Scan the records below for the line with "43% in a YouGov" and the line with "1月20日,人民网发布《首单". Repeat those two lines and every line between them exactly, and nothing else.

─── DATA TO PROCESS ───

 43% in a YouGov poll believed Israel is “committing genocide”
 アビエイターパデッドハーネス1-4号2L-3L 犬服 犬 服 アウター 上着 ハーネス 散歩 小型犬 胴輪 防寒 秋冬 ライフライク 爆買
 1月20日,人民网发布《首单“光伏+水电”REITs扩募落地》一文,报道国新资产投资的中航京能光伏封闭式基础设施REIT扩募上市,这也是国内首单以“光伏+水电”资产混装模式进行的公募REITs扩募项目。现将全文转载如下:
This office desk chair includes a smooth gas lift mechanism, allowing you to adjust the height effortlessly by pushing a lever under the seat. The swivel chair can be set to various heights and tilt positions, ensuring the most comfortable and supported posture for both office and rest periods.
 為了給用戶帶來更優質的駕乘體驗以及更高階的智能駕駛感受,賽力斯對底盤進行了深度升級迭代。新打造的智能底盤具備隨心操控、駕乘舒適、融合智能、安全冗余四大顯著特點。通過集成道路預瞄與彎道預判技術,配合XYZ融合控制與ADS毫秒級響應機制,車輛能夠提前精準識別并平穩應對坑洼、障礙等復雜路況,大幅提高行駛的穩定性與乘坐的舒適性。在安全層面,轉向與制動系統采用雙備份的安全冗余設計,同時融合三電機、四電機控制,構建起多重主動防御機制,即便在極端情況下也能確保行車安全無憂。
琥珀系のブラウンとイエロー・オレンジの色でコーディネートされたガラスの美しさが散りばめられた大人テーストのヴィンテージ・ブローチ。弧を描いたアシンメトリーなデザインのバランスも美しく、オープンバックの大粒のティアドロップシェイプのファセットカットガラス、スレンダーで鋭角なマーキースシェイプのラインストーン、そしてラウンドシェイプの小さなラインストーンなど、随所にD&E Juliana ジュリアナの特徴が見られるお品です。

───
─── DATA TO PROCESS ───

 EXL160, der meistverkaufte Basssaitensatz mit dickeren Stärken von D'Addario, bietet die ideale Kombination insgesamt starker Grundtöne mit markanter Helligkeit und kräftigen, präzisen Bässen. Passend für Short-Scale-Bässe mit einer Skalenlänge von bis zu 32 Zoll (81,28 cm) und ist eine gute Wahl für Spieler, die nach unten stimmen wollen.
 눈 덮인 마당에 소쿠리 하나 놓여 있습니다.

───

REPLY:
 43% in a YouGov poll believed Israel is “committing genocide”
 アビエイターパデッドハーネス1-4号2L-3L 犬服 犬 服 アウター 上着 ハーネス 散歩 小型犬 胴輪 防寒 秋冬 ライフライク 爆買
 1月20日,人民网发布《首单“光伏+水电”REITs扩募落地》一文,报道国新资产投资的中航京能光伏封闭式基础设施REIT扩募上市,这也是国内首单以“光伏+水电”资产混装模式进行的公募REITs扩募项目。现将全文转载如下:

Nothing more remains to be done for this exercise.